Against Sainte-Beuve is a seminal, early work by Marcel Proust. Before embarking on his magnum opus, In Search of Lost Time, Marcel Proust fills several notebooks with drafts and fragments in which he takes a sharp stand against the contemporary literary critic Sainte-Beuve (1804–69), and instead articulates a view of the purpose and practice of literature that he will bring to fruition in his seven-volume masterpiece some years later.
Already in these early writings that were never intended for publication, we meet an illustrious writer with an idiosyncratic flair for language.

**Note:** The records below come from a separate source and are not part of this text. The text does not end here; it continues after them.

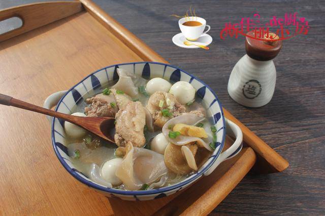 第一道汤:木耳鹌鹑蛋鸡汤,鸡肉高蛋白、低脂肪,营养极易吸收,是公认的滋补食材,将鸡肉炖汤,味道鲜美,还有助于提升免疫力,抵御流感的病毒的侵袭。 炖汤时加入了养肺排毒的木耳和“ 天然的补脑丸”的鹌鹑蛋,营养互补,好喝翻倍,有助于于孩子增强抗病力,是冬季补虚健体的佳品。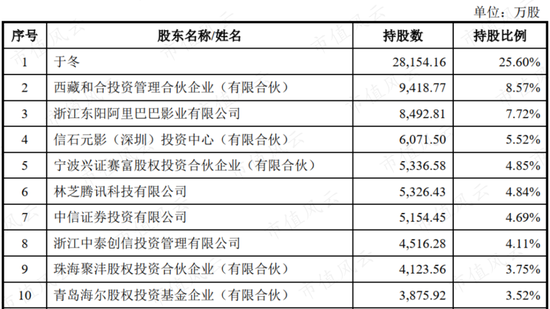 其他知名股东还有浙江东阳阿里巴巴影业,持股7.72%;林芝腾讯科技,持股4.84%;中信证券投资,持股4.69%;青岛海尔股权投资基金企业,持股3.52%。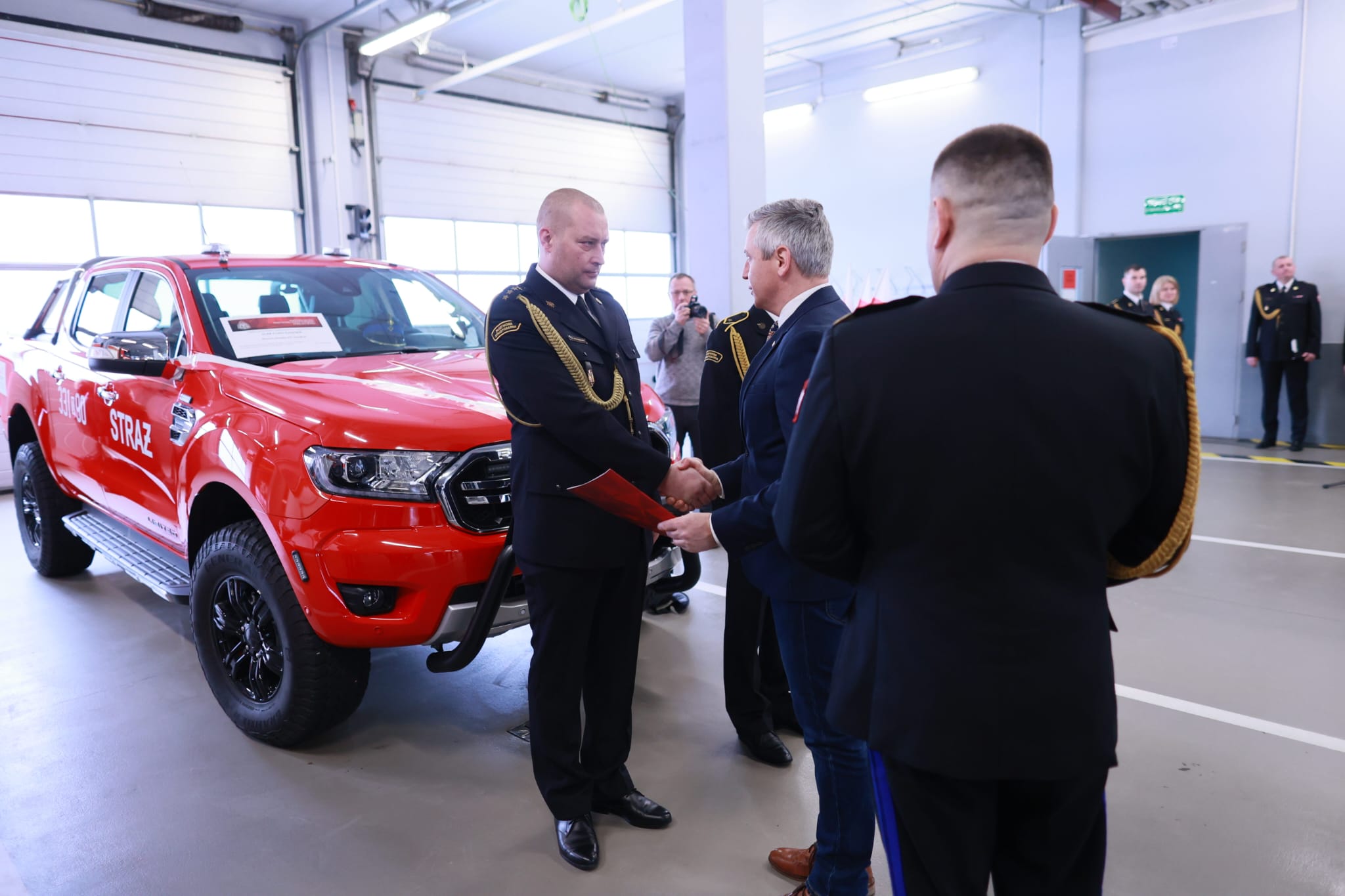 Kolejnym nabytkiem jest lekki samochód specjalny rozpoznawczo-ratowniczy Ford Ranger o wartości 337 266 zł. Którego zakup był możliwy w ramach projektu „Usprawnienie systemu ratownictwa na drogach – etap V”. Pojazd z napędem 4x4, pozwala realizować działania ratownicze praktycznie w każdych warunkach terenowych i pogodowych. Dodatkowo na wyposażeniu samochodu znalazły się urządzenia łączności oraz sprzęt wspomagający kierującego działaniami .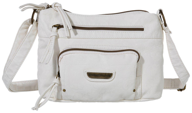 This bag features a solid color design with an all-over embossed detail, a front zipper pouch pocket, both front and rear zipper pockets, an adjustable crossbody strap, top double zip closures and two lined main compartments with pockets. Bag measures approximately 11 in. L x 4 in. W x 8 in. H.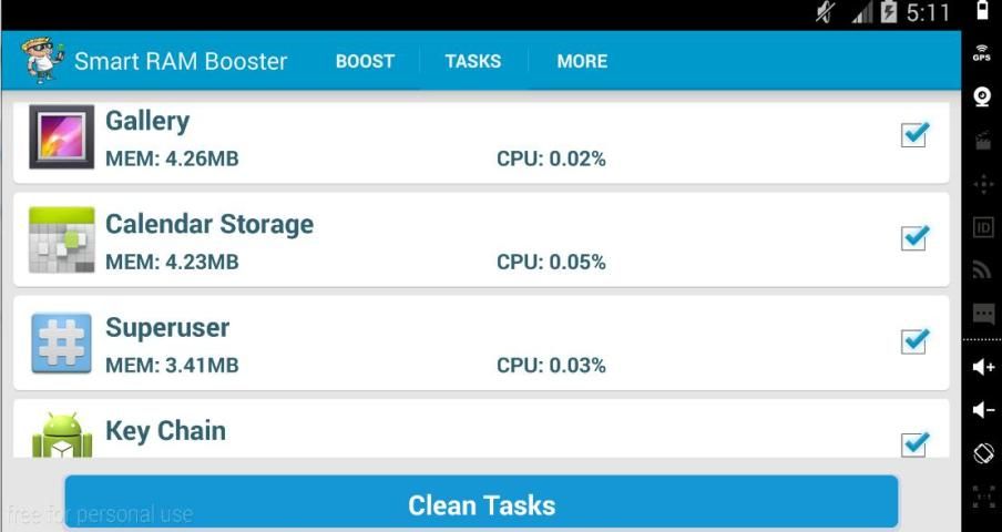 Smart RAM Booster 2016 is a powerful & beautiful memory cleaning app designed for Android devices which will make your device work faster. The application uses a sophisticated technology to optimize the performance of your device. It can clear background running apps very fast. For maximum results you should do a manual boost once a day. Most of Android devices bundle with limited memory. Android task manager will selectively kill low priority tasks in order to reserve memory to higher priority task.

Never before published in Swedish, Against Sainte-Beuve is here presented in a magisterial new translation by Jan Stolpe.
Marcel Proust (1871–1922) was a French novelist and essayist. In his monumental À la recherche du temps perdu, published in seven parts between 1913–27, Proust developed an essayistic fictional style to which he, according to Walter Benjamin, “sacrificed in his life friends and companionship, in his works plot, unity of characters, the flow of narration, the play of the imagination.” Against Sainte-Beuve was published in French in 1954, long after Proust’s death, and has never before been available in Swedish.
Jan Stolpe is one of Sweden’s most respected translators and literary critics. He has translated, among many others, Montaigne, Balzac, Diderot, Camus, and several works from Ancient Greek, including Plato, Aristotle, and Euripides. He holds an Honourary Doctorate in Philosophy from Lund University. In 2010 he was awarded the Kellgren Prize by the Swedish Academy, and in 2020 received the Big Prize of Samfundet De Nio.